I don’t think about the Porsche. I don’t think about the envelope. I don’t think about Brian’s handwriting, nasty with certainty.

Instead, I think about the way the road pulls all the thoughts into one line and lays them out behind us like thread. I think about how the time between then and now changed the way my body sits on a bike—fear to trust, flinch in surprise to read the road and lean.

He doesn’t talk. There’s no headset, no good way to be heard without yelling. It’s better like this. I get to choose my own words and keep the ones that don’t help.

We take the bridge. I squeeze around his waist, not because the height scares me—because the color of the water is so honest it makes me feel like lying would be rude. Holding onto Kellum grounds me.

On the far side he flicks on the signal, two blinks like winks, and we drop down to the little public dock with the lighting and the good view. Gravel chatters under the tires. He kills the engine. The sudden quiet pops in my ears, and the world rushes back—the insects’ buzz, the frog’s low croak, a rope smacking an aluminum mast with a hollow, patient sound.

I slide off and unclip the helmet. He does the same. My hair is a crime against brush manufacturers, but I don’t care. I push it back anyway and breathe. Everything smells like marsh and heat and a little diesel. My heart is still up near my throat, but it’s not panic; it’s leftover frustration.

“Better?” Kellum asks, voice low and unhurried.

I nod. “Yeah.” I huff a laugh that’s half disbelief, half relief. “It’s stupid that I can hear a word like that and start shaking. Like he gets to take up that much space in my body and mind without paying rent.”

“That’s not stupid.” He props a shoulder on the post nearest me, hands tucked in his back pockets like a man who knows exactly where his edges are. “That’s what happens when someone reads you wrong long enough. Your system tries to look for the tag every time you get close to a mirror. You’re outta that now, darlin’. Don’t give it more power.”

“I did for a moment.” Saying it out loud feels like stepping up onto a new step that wasn’t there last week. “Then I glanced at that car one last time. I let it all go. And I didn’t look back. I’m not looking back.”
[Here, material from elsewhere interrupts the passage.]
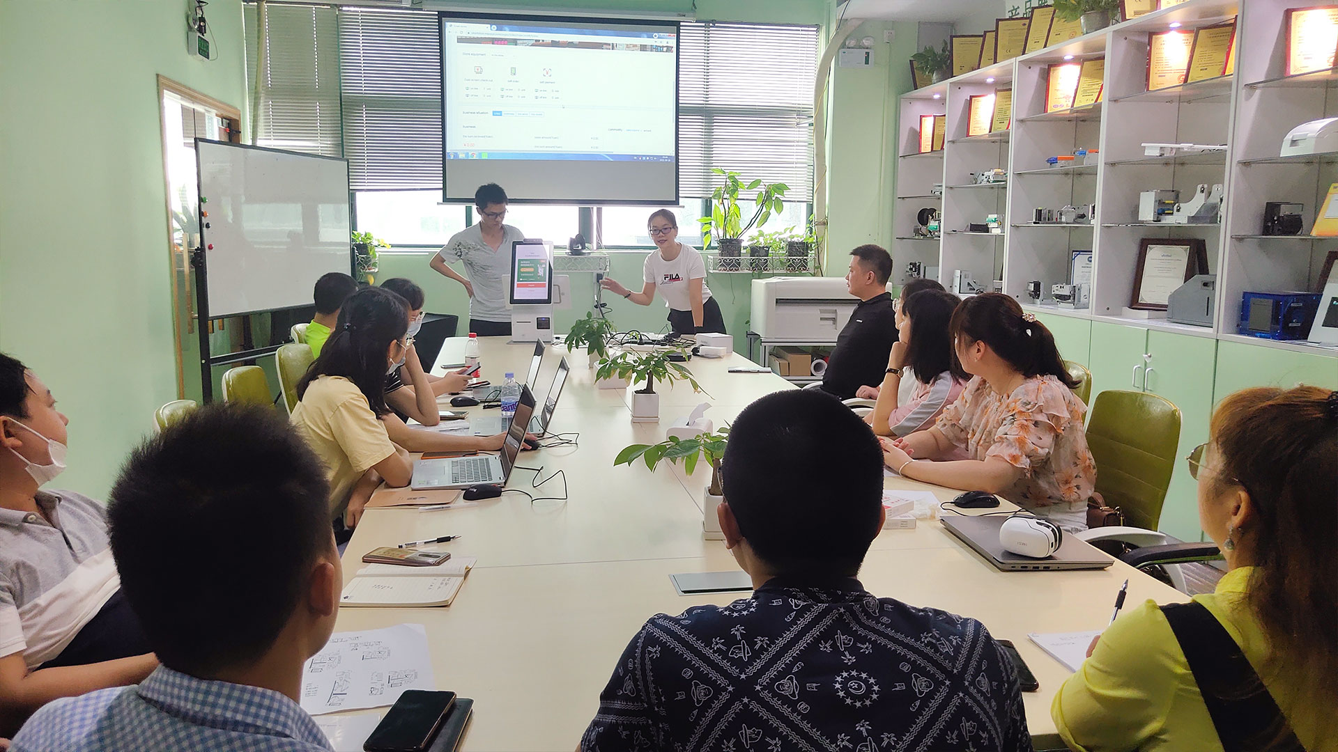產(chǎn)品線的發(fā)展應(yīng)當把質(zhì)量工作放在與市場開發(fā)同等重要位置。守住質(zhì)量紅線、提高質(zhì)量水平是美松集團的立足之本;做好專業(yè)技術(shù)培訓(xùn)、統(tǒng)一技術(shù)規(guī)范是向客戶提供高質(zhì)量服務(wù)的必要條件。在產(chǎn)品介紹環(huán)節(jié),市場運營專員熊艷艷、軟件工程師劉方以及研發(fā)工程師楊罡分別對產(chǎn)品進行了詳細的演示與講解。同時結(jié)合實際案例與參會人員進行了積極互動和交流分享。來自長沙公司的外貿(mào)負責人Amy就手持移動打印產(chǎn)品、智慧門店商超方案、桌面POS打印機使用及疑問,技術(shù)人員憑借其豐富的經(jīng)驗、扎實的專業(yè)知識以及對公司產(chǎn)品的深刻了解,讓大家對每一款產(chǎn)品的性能特點、使用方法、注意事項等有了更為全面的認識,并針對實際工作中常見的疑惑一一提問、擊破。短短半天的培訓(xùn)針對性強,效果顯著,大家紛紛加入討論,認真做好筆記。

“Not a lot worth seeing back there.”

I look out at the water. A shrimp boat limps along the channel, deck light jaundiced in the bright. “He wrote ‘I’ll forgive you,’ like he’s a priest and I’m a sinner.”

“Men like that think they’re God until the first real storm, then they remember how to pray.” His mouth quirks, humorless. “He tried a lifeline. You cut it.”

“You did it for me.”

“You told me to.” He tilts his head, eyes steady on me. “Who is the captain of the ship, Kristen?”

“My boat,” I echo, softer. The words fit better today. “I want to keep acting like it is. At least until it’s real.”

“Okay,” he says simply. “Next thing?”

I breathe, slow, because the old me would fill this moment with panic-plans and the new me knows one good plan is enough. “We send the keys back. Certified. Paper trail. Pami can send the paperwork for the tow and fees. I’ll let the owners know he showed today and leave a note about him so if he sends flowers or pizza or some dramatic nonsense, staff knows to refuse it.”

He nods. “I’ll text Red to have Karma swing by with the spare camera and put it up in the back lot at the shop for a few weeks. That’s me, not you. Your task is the mail and the talking to your boss and co-workers.”